Determinants of a healthy life
These public lectures explore the genome and explain why your DNA can influence your health and why your gut microbiome is so important.
The power and potential of the gut microbiome
Professor Wayne Cutfield, Dr Justin O'Sullivan, Dr Ben Albert
A ground-breaking study is underway that might just be the simplest way to treat the obesity crisis.
Gut bacteria taken from healthy donors – cleaned, encapsulated, and swallowed with a glass of water – could be the key to weight loss. The researchers behind the so-called 'Gut Bugs' trial think one treatment alone could be enough to change the course of a person's obesity, so they're trialing it in very overweight teenagers. This fascinating public lecture explains the science behind the trial and just how clever your resident bacteria are.
Can your gut bacteria set a blueprint for diabetes?
PhD candidate Thilini Vidanelage
Study shows that gut bacteria differs in babies, and this can affect whether they are likely to suffer from certain health issues such as diabetes later on in life.
You may have seen in the media that there has been a lot of discussion about gut health and how it can influence the health of the entire body. The effect of gut bacteria – microbiome – health in children as young as preterm babies can influence the development of obesity, Type 2 diabetes and heart disease.
In this presentation, Thilini Maddegoda Vidanelage explains how she examined the gut microbiome. She looks at how the microbiome differs in pre and full-term babies, and why this affects insulin resistance.
How does a genome’s structure affect your chance of developing disease?
Senior Research Fellow Dr Justin O’Sullivan
Molecular biologist Dr O’Sullivan explores the impact of your DNA’s ‘packaging’ on your growth, learning and health.

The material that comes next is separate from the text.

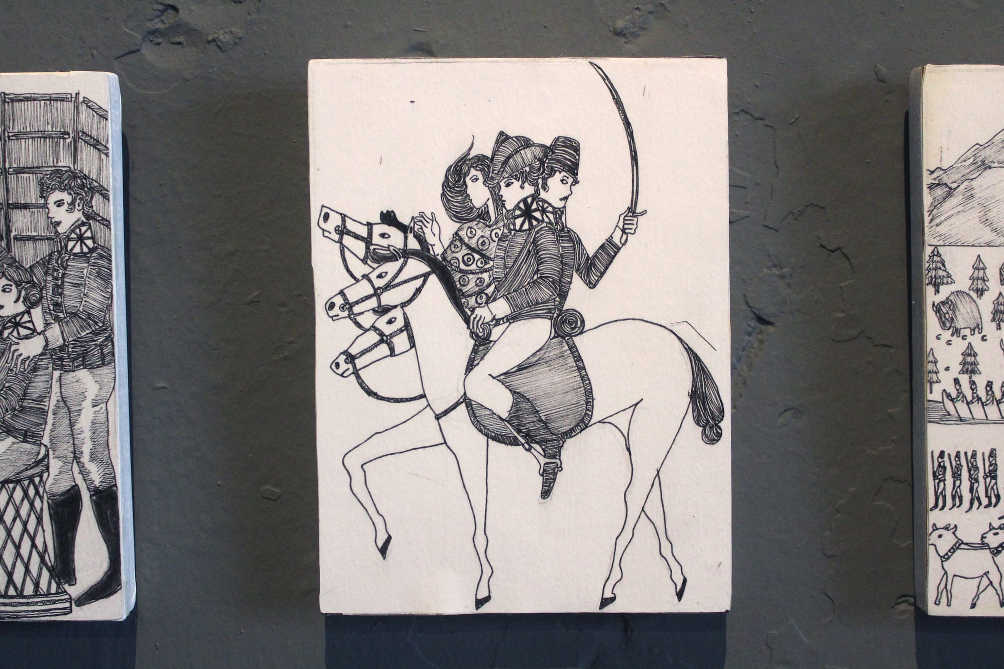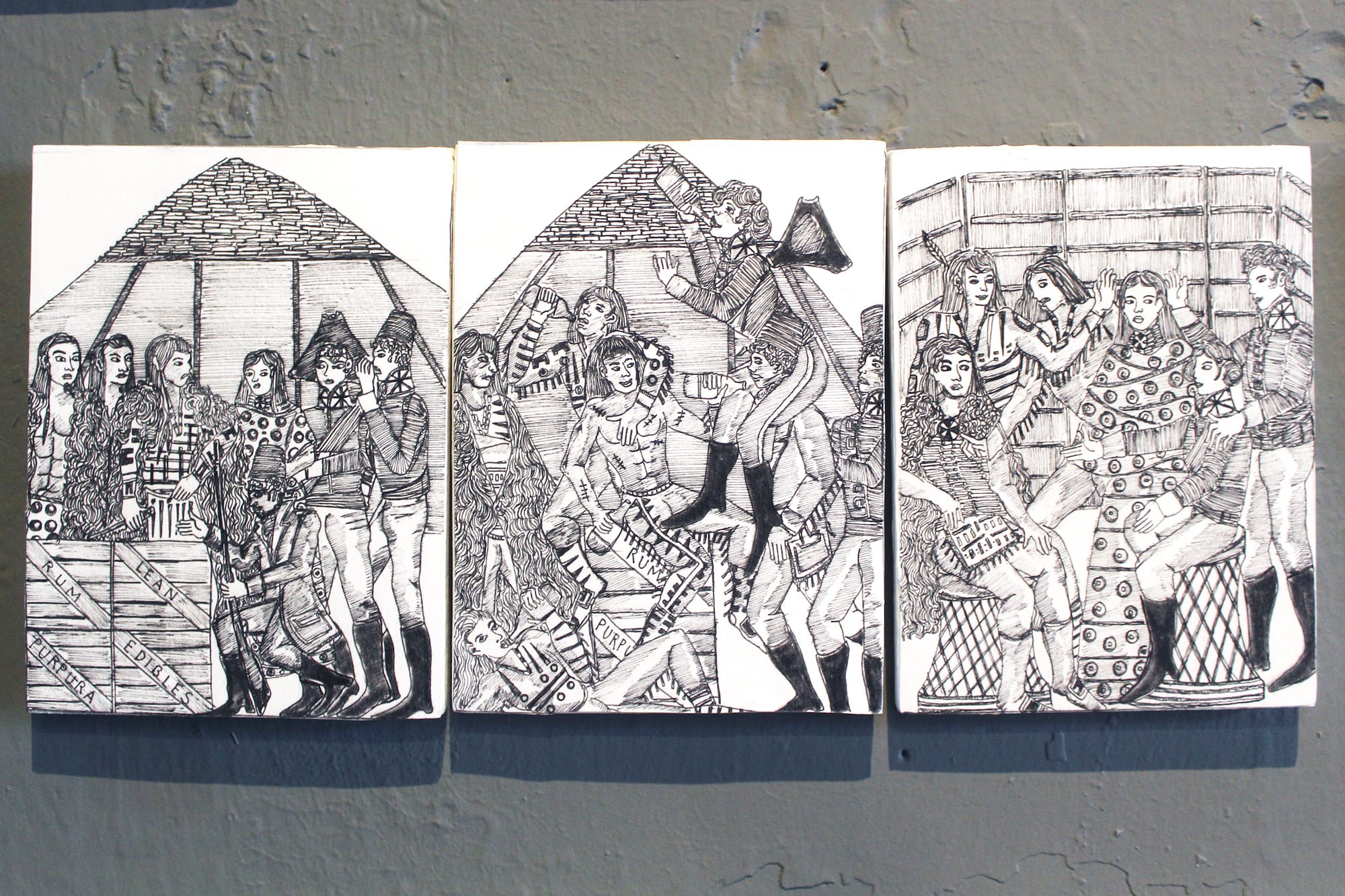 The series of drawings 40 Views of Colonial Fabric Softener (2019) reimagines the story of westward expansion. Instead of Lewis and Clarke and Sacagewea, our protagonists are Sydney and St. Marc and Mugwayan. Over 40 pages, drawn simplistically and reminiscent of a City Hall mural, the explorers — described as “trespassers” in Rashid’s titles — trade poison, poach bison, and attack Dakota warriors.

An expert in epigenetics, Dr O’Sullivan has been studying how the structure of a genome can influence long-term health outcomes.
In this fascinating presentation Dr O’Sullivan demonstrates how DNA is wrapped and folded in our cells. He explains how this ‘packaging’ modifies the personal DNA sequence that contributes to your growth and learning, and how it affects your chances of developing diseases like obesity and diabetes.